At 9:00 a.m., on a rainy Saturday a few weeks before Halloween, people started to gather in the bowels of Hopkins Center, following the signs leading to a set of double doors marked "CLOSED!" By 9:45, the line was backed up to the stairwell. (By 11:00, it would reach all the way back up the stairs and around several corners.) Students, faculty, people from the community, and anxious children stood or sat along the corridors jealously guarding places in line. At 10:00 on the dot, the doors were thrown open by an alligator, who waved the crowd in. In seconds the room was jammed with people pawing through racks and racks of clothing put on sale by the Hop's costume shop.

It was Filene's Basement cubed. The mob bobbed and surged as people ducked under each other trying to find their heart's desires, and arms and legs flapped madly as they struggled into strange garments. Over shrieks of laughter, people yelled at their friends: "Here - try this !" "Hey - what's a 'farthingale'?" This is a little small — but I want it anyway!" "That's not a cape - that's a bathroom rug!"

Before the mirrored east wall of the room, a little girl of seven tried on a towering 18th-century wig and a burly student peered over his shoulder as he flapped a huge pair of red gauze wings up and down. A middle-aged woman preened herself in a medieval robe - a brocaded "Houpeland" with trailing sleeves lined in fur. A dumpy green robot whose occupant was too small to see out of the headpiece jumped up and down trying to get a glimpse of itself. In the corner, two 12- year-old Star Wars fans squared off in red plastic tunics, brandishing strange space weapons. And through it all strolled the insouciant alligator, patting people on the shoulder and murmuring, "Oh, yes, very nice, buy it, buy it."

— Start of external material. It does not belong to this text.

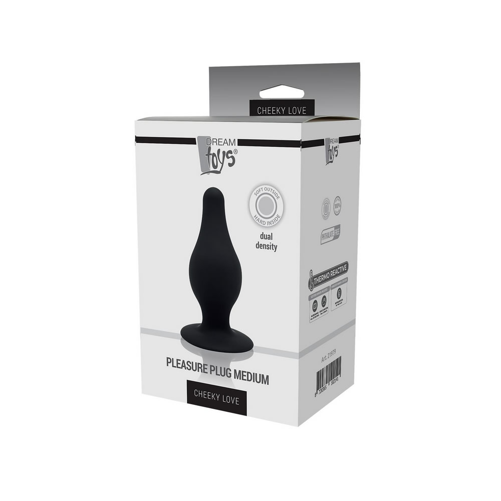 Cheeky love Dual Density Pleasure plug je silikonski analni čep z mehko površino in dvojno čvrstostjo. Čvrsto notranje jedro je zapolnjeno z SILEXPAN® materialom, ki izdelku daje izjemno realističen občutek in neprimerljivo izkušnjo užitka. Patentirana formula SILEXPAN® zagotavlja boljšo čvrstost in večjo fleksibilnosti. Ravno tako naredi izdelek termo reaktiven – postane trši, ko se ohladi in mehkejši, ko se segreje. Vakumska baza se čvrsto oprime gladke površine. Ta analni čep odlikuje zelo kratek, a razširjen trup.

It was the third of Professor Margaret Spicer's costume rummage sales, this one advertised as "Subject to Fit - 1,000 Years of Costumes!" Spicer, the Hop's costume designer, decided several years ago that the way to weed out the chaff of her wardrobe stock and make muchneeded room for new costumes was to hold a public sale just before Halloween. She keeps a stock of some 10,000 period costumes on hand, and since her shop's standards require that at least two-thirds of the costuming for any performance be made new, space is always in short supply.

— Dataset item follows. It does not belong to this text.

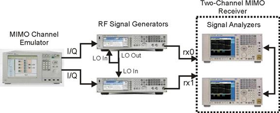 在各種信道條件下檢測(cè)預(yù)編碼和 MIMO 的工作性能時(shí),需要有各種必要的測(cè)量工具。圖 2 顯示了典型的 2x2 MIMO 測(cè)量設(shè)置,它由無(wú)線信道仿真器、信號(hào)源和信號(hào)分析儀組成。信道仿真器(例如 Agilent N5106 PXB 接收機(jī)測(cè)試儀)用于創(chuàng)建真實(shí)的多信道、多路徑環(huán)境(包括天線和空間相關(guān)的影響)[3]。某些商用仿真器具有內(nèi)置基帶發(fā)生器,通過(guò)在軟件工具(例如 Agilent Signal Studio、Agilent ADS 和 Agilent SystemVue) 中開(kāi)發(fā)的標(biāo)準(zhǔn)模型或定制模型,可生成復(fù)雜的波形。信道仿真器輸出復(fù)雜的基帶波形,代表預(yù)編碼 MIMO 信號(hào)已被多路徑、噪聲和/或干擾所修改。之后,這些基帶波形將使用許多射頻矢量信號(hào)發(fā)生器提供的模擬同相(I)和正交相位(Q)輸入,調(diào)制到射頻載波上;鶐(shù)據(jù)也可通過(guò)信號(hào)發(fā)生器(例如 Agilent MXG 系列)的數(shù)字 I 和 Q 輸入調(diào)制到射頻載波上。這是首選方案,因?yàn)檫@種方案可提供較佳性能,并且能夠執(zhí)行系統(tǒng)的自動(dòng)功率校準(zhǔn)。在圖 2 所示的測(cè)量系統(tǒng)中,兩個(gè)射頻信號(hào)發(fā)生器就是雙信道 MIMO 接收機(jī)的輸入。請(qǐng)注意,使用多個(gè)信號(hào)發(fā)生器仿真 MIMO 系統(tǒng)時(shí),雖然不要求對(duì)設(shè)備進(jìn)行鎖相,但在測(cè)試過(guò)程中,各個(gè)發(fā)生器之間需要有一個(gè)穩(wěn)定的相位關(guān)系,這是十分重要的。術(shù)語(yǔ)“鎖相”通常被稱(chēng)為“相位相干性”,它表示在特定載波頻率上工作的兩個(gè)或多個(gè)信號(hào)發(fā)生器的射頻輸出間的固定相位關(guān)系。由于每個(gè)數(shù)據(jù)層的信號(hào)在進(jìn)行傳輸之前都要根據(jù)已知的信道條件添加一個(gè)矢量,因此正確的相位關(guān)系對(duì)預(yù)編碼操作十分重要。如果用來(lái)仿真多個(gè)發(fā)射機(jī)的信號(hào)發(fā)生器有一個(gè)未知和/或隨時(shí)間變化的相位關(guān)系,接收到的信號(hào)就可能出現(xiàn)不希望的相位偏置,從而導(dǎo)致一個(gè)或多個(gè)恢復(fù)數(shù)據(jù)流的性能降低。本文在后面將會(huì)提供一個(gè)實(shí)例,說(shuō)明信號(hào)發(fā)生器相位偏置與系統(tǒng)性能的關(guān)系。在使用兩個(gè)現(xiàn)代射頻信號(hào)源(例如 Agilent MXG 信號(hào)發(fā)生器)的測(cè)試系統(tǒng)中,兩臺(tái)發(fā)生器將通過(guò)共享一臺(tái)發(fā)生器的未調(diào)制的本地振蕩器(LO)來(lái)保持相位相干性(參見(jiàn)圖 2)。在某些具有多個(gè)射頻信號(hào)發(fā)生器(例如 4x4 和 2x4 配置)的測(cè)試系統(tǒng)中,推薦使用單獨(dú)的射頻信號(hào)發(fā)生器作為主本地振蕩器,以便為信號(hào)發(fā)生器的本地振蕩器輸入提供足夠的驅(qū)動(dòng)電平。

This year's sale was run by costume assistants Elizabeth Stillman and Aurore Dione (the alligator). Not only does the sale make both space and money for the Hop, according to Stillman, it also assists the community. "People are always calling us to borrow or buy costumes," she said, "and the Center has a policy of lending only to events sponsored by the Dartmouth Drama Department, which limits our lending pretty severely. This way we make our excess available."

Decisions about which items to let go are made on the basis of usefulness. Anything easily recognizable goes, the shop keeping mostly basic costumes that can be retrimmed for new performances. Many are sold because of their small size. "People are larger today than they were ten years ago," explained Stillman, "and we can't use some of the costumes the shop made back then."

Most costumes go for less than $5, and the highest price put on any item at this year's sale was $25, asked for an 18thcentury gown encrusted with sequins, which had cost the shop $100 to make. When the smoke cleared this year, the racks were empty and the shop's coffers were richer by some $3,000.

The costume sale: courtly couture, 18th-century curls, and 19th-century bonnets.